Privalov followed his childhood dream and by the age of 20, he became a lieutenant of marine aviation serving in the Baltic where he got used to flying over bodies of water — a routine that some other pilots may find challenging.

A few years later, Privalov was transferred to Siberia where he flew from, among others, the Novosibirsk airport. He and his fellow pilots often spent free time relaxing on the very town beach where shocked onlookers would later witness Privalov’s suicidal stunt.

The October bridge in Novosibirsk.

“The idea of flying under the bridge came to me a long time ago. But I knew that if I did it I would be suspended from flying,” said Privalov.

A gift of fate

On June 4, 1965, Privalov and three other pilots had an order to fly a route within a 30-minute interval between the planes. When Privalov’s MiG-17 high-subsonic fighter jet departed from the airdrome, the pilot had to navigate in the clouds.

“When I received an order to descend I pierced the clouds and suddenly saw this very bridge. That was it. I didn’t belong to myself anymore. It looked as if fate had given it to me,” said Privalov. 

Naval training gave Privalov confidence that he could correctly estimate a safe distance from the surface of the river, so the pilot went full throttle.
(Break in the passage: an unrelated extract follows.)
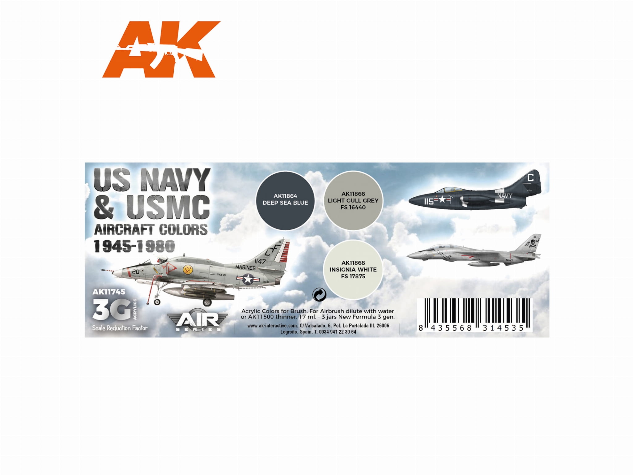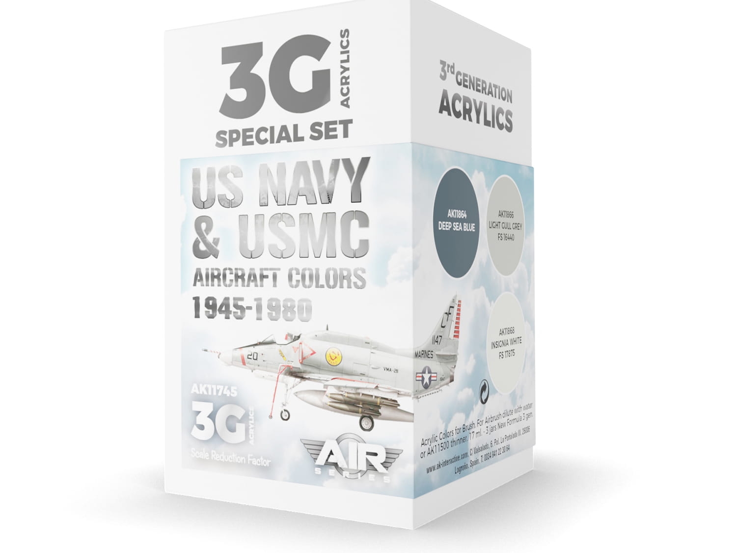 AK Acrylics 3Gen AIRCRAFT SET AK11745 US Navy & USMC Aircraft Colors 1945-1980 SET 3G (3x17ml)

Flying one meter above the water, Privalov reached the speed of 700 km/hr to make the jet extremely responsive to controllers. 

The bridge arch that the pilot has chosen as his “gates” was 30 meters high and 120 meters wide.

The October bridge in Novosibirsk.

“The most interesting thing is that when you approach the bridge, it is logical to assume that the closer you get the wider space would appear. But for me it was the opposite: the window [of the arch] narrowed and narrowed further. But I was very calm. […] As soon as I felt that the bridge was behind me, I pulled the controller towards me and went up into the clouds,” said Privalov.

Punishment or reward

Privalov was so excited that he barely noticed the shocked onlookers and naively thought that his escapade would have been unnoticed. 

Soon enough, all four pilots who participated in the training flights were put under arrest and a commission was formed to investigate the incident. The culprit was immediately exposed.

Privalov was escorted to Eugene Savitsky, a former fighter pilot who now was air marshal of the USSR. Savitsky was inspecting an airplane factory in the city where the incident had taken place.

“Of course, he gave me a good verbal thrashing,” said Privalov. Ironically, the factory where the disciplinary conversation took place was named after Valery Chkalov, an iconic Soviet test pilot notorious for his mischievous escapades.

The Marshal was accompanied by two aides who secretly told Privalov that he should not worry: the high command had decided to resolve the incident positively for him.

In a week, Privalov’s military unit received an order from the Minister of Defense of the USSR Rodion Malinovsky: “Do not punish Privalov further. The disciplinary measures [already taken at the factory] suffice. If he didn’t have vacation, give him a leave for 10 days. If he had vacation, give him 10 days of rest in the unit.”

Privalov, who soon resumed his flying work, could only have guessed his courage and audacity had pleased heroic Soviet Marshal Malinovsky who, it seems, was no stranger to taking bold risks.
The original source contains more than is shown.